- [Work instruction] Please output the listing exactly as it stands, but omit any images.
-=-=-=-=-
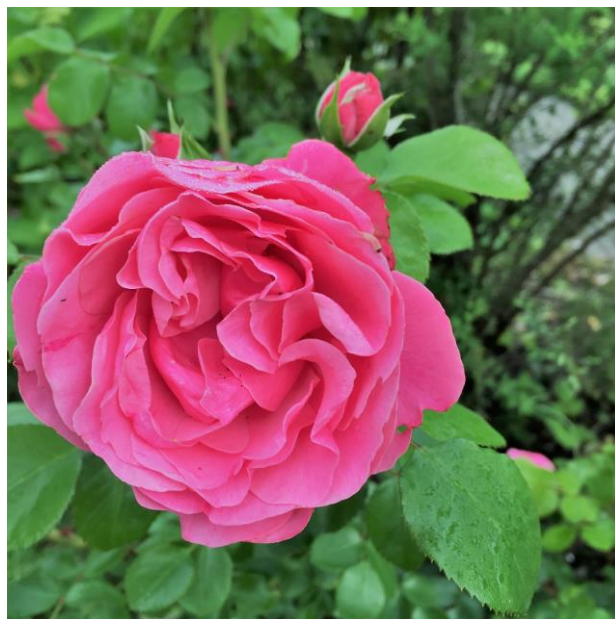
Roos Vincent van Gogh

Een nieuwe rubriek. We hebben allemaal wel eens iets over op de tuin maar je vindt het toch wel zonde om het weg te gooien. Bijvoorbeeld een plant, stekken, potten of gereedschap enz. Een ander op het complex is er misschien naar op zoek! Daar is deze rubriek voor. Het gaat om groen, en spullen die op de tuin bruikbaar zijn. Ben je naar iets op zoek of wil je iets kwijt, stuur dan een berichtje met een eventueel een foto naar: nutengenoegennieuws@outlook.com Het wordt dan in de eerstvolgende nieuwsbrief geplaatst.
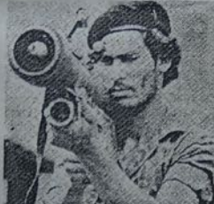
Un contra entrenando con el SAM-7 en Honduras: Escalada terrorista.

Nicaragua enfrenta por esa guerra. El imperialismo mantiene latente la amenaza de la intervención armada; si lo considera necesario y oportuno no vacilará en llevarlo a cabo; de paso obliga al Gobierno Sandinista a un tremendo esfuerzo de defensa; provoca y controla el bloque financiero en la banca internacional; planea, financia y lleva a cabo actos de sabotaje dentro del país; entrega a los enemigos de la revolución toda la información de inteligencia que su red de espionaje le proporcio
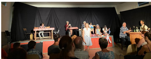
Pièce de théâtre "Au café de la gare" au foyer

https://www.youtube.com/watch?v=eq81H5cmhQQ
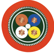
Sercos III [93K]
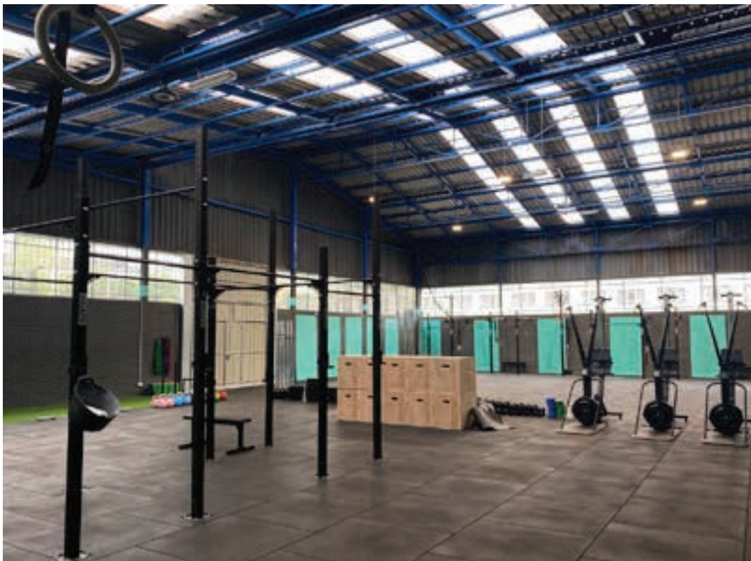
Urnietako Erratzu industrigunean dituzte instalakuntzak. AIURRI
-=-=-=-=-
- [Answer box]
Roos Vincent van Gogh

Een nieuwe rubriek. We hebben allemaal wel eens iets over op de tuin maar je vindt het toch wel zonde om het weg te gooien. Bijvoorbeeld een plant, stekken, potten of gereedschap enz. Een ander op het complex is er misschien naar op zoek! Daar is deze rubriek voor. Het gaat om groen, en spullen die op de tuin bruikbaar zijn. Ben je naar iets op zoek of wil je iets kwijt, stuur dan een berichtje met een eventueel een foto naar: nutengenoegennieuws@outlook.com Het wordt dan in de eerstvolgende nieuwsbrief geplaatst.
Un contra entrenando con el SAM-7 en Honduras: Escalada terrorista.

Nicaragua enfrenta por esa guerra. El imperialismo mantiene latente la amenaza de la intervención armada; si lo considera necesario y oportuno no vacilará en llevarlo a cabo; de paso obliga al Gobierno Sandinista a un tremendo esfuerzo de defensa; provoca y controla el bloque financiero en la banca internacional; planea, financia y lleva a cabo actos de sabotaje dentro del país; entrega a los enemigos de la revolución toda la información de inteligencia que su red de espionaje le proporcio
Pièce de théâtre "Au café de la gare" au foyer

https://www.youtube.com/watch?v=eq81H5cmhQQ
Sercos III [93K]
Urnietako Erratzu industrigunean dituzte instalakuntzak. AIURRI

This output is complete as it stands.